Top of DATA RECORDS
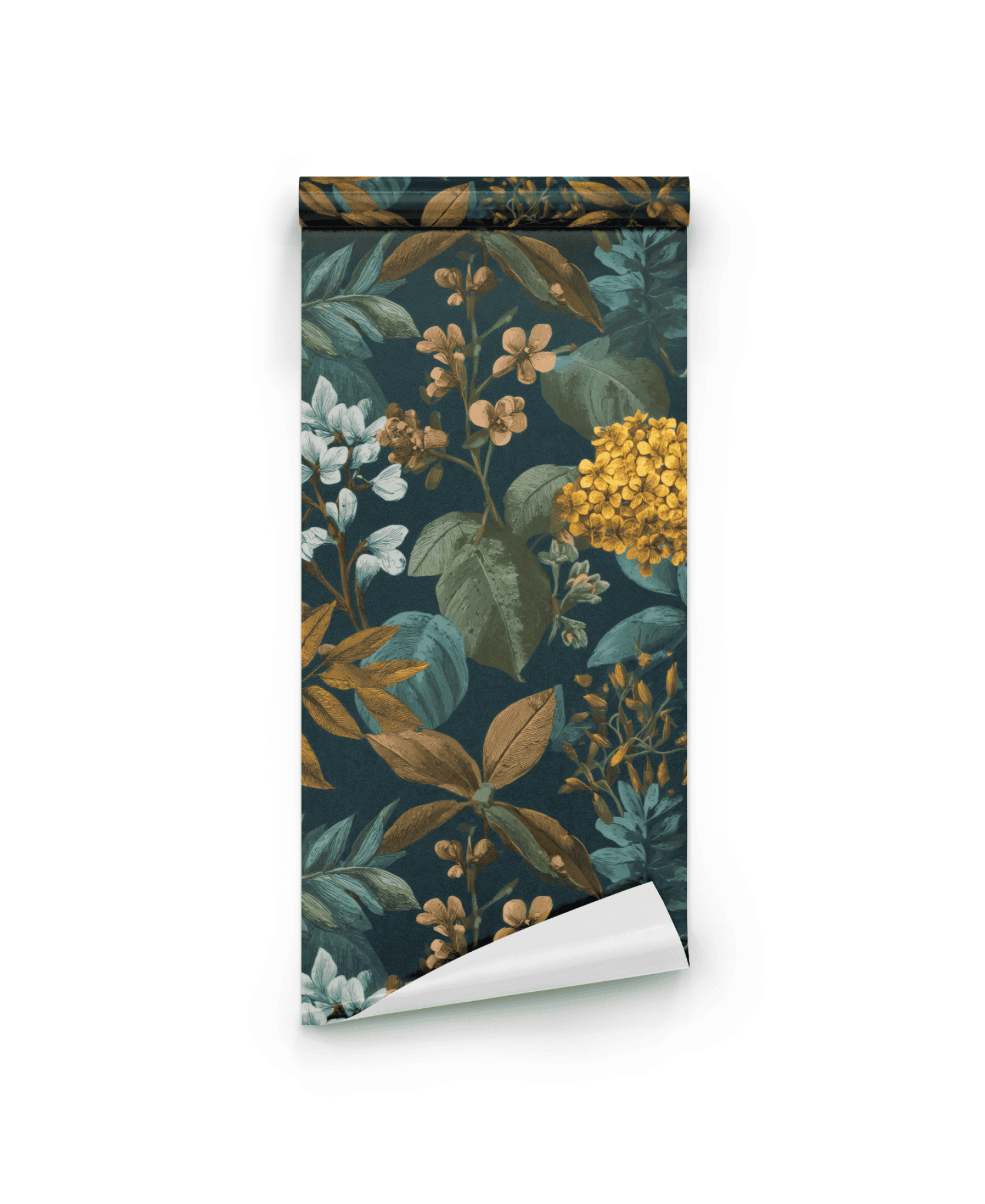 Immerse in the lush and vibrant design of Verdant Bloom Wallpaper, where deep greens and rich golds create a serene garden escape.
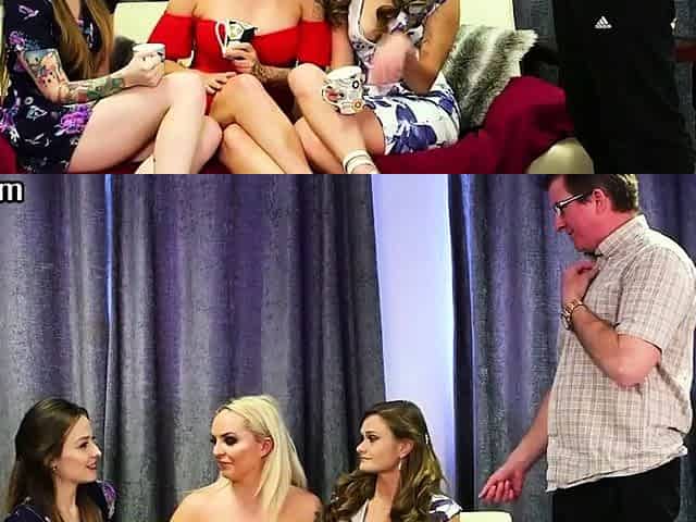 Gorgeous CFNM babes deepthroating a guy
Bottom of DATA RECORDS
Top of DATA RECORDS
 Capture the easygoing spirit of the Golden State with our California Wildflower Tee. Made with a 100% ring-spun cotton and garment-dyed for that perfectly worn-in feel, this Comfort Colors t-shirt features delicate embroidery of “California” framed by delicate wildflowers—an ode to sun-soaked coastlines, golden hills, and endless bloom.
Bottom of DATA RECORDS
#### [TRY IT]
Copy word for word only the lines above from the one with "Immerse in the" through the one with "Gorgeous CFNM babes deepthroating a guy". Leave pictures out.

#### [SOLUTION FOR THIS PROBLEM]
 Immerse in the lush and vibrant design of Verdant Bloom Wallpaper, where deep greens and rich golds create a serene garden escape.
 Gorgeous CFNM babes deepthroating a guy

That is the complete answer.